The decision is always ALLOW or DENY. The reason is null on allow and a stable machine-readable code on deny; matched_statement is the matching policy statement Sid, or null when no statement matched. DotID serializes Java record fields with snake_case JSON names.

Common errors

Status

Meaning

What to check

401 Unauthorized

No bearer token, or the token signature did not validate.

Verify Authorization: Bearer <token> is present and the token’s iss/kid resolved to a valid JWKS key.

403 Forbidden

The token was valid but the PDP returned DENY.

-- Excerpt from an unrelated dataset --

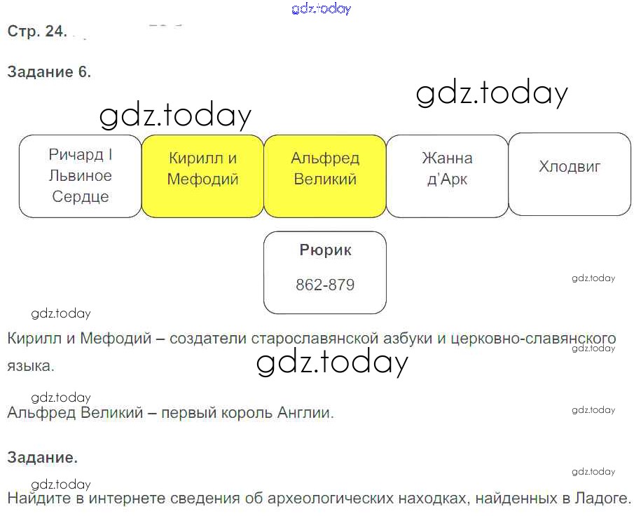На страницах сайта gdz.today вы найдете учебный и вспомогательный материал, направленный на улучшения знаний школьной программы. ГДЗ - онлайн мир знаний Решение к части 1. Страницы 24 Рабочей тетради по Истории России для 6 класса Чернова Экзамен УМК 2017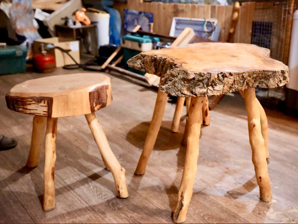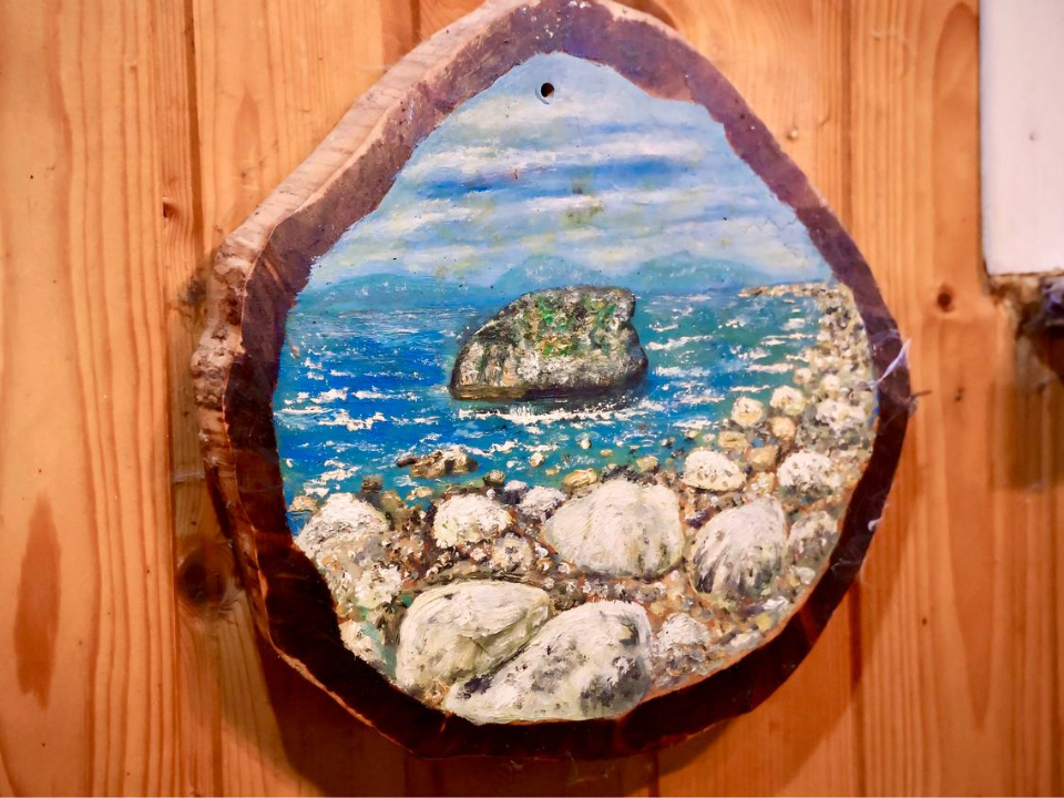 Его дом одновременно является и столярной мастерской, ведь картины он пишет не только на холсте, но и на спилах деревьев. Александр сам готовит под них основу: выпиливает, обтачивает, грунтует и пропитывает маслом. Даже межкомнатные двери в его доме истинные арт-объекты — вместо стекол в них вставлены живописные полотна, написанные хозяином. А в интерьере присутствует и самодельная мебель из дерева.

Inspect the response body — it includes the reason and (if available) matched_statement to trace the deny.

400 Bad Request (PDP)

Invalid principal object, action, or resource FRN.

See FRN format for the canonical resource syntax and parsers.

400 Bad Request (DotID API)

API versioning mismatch — the request was sent to a deprecated path.

All current APIs live under /v1/; older paths return 400.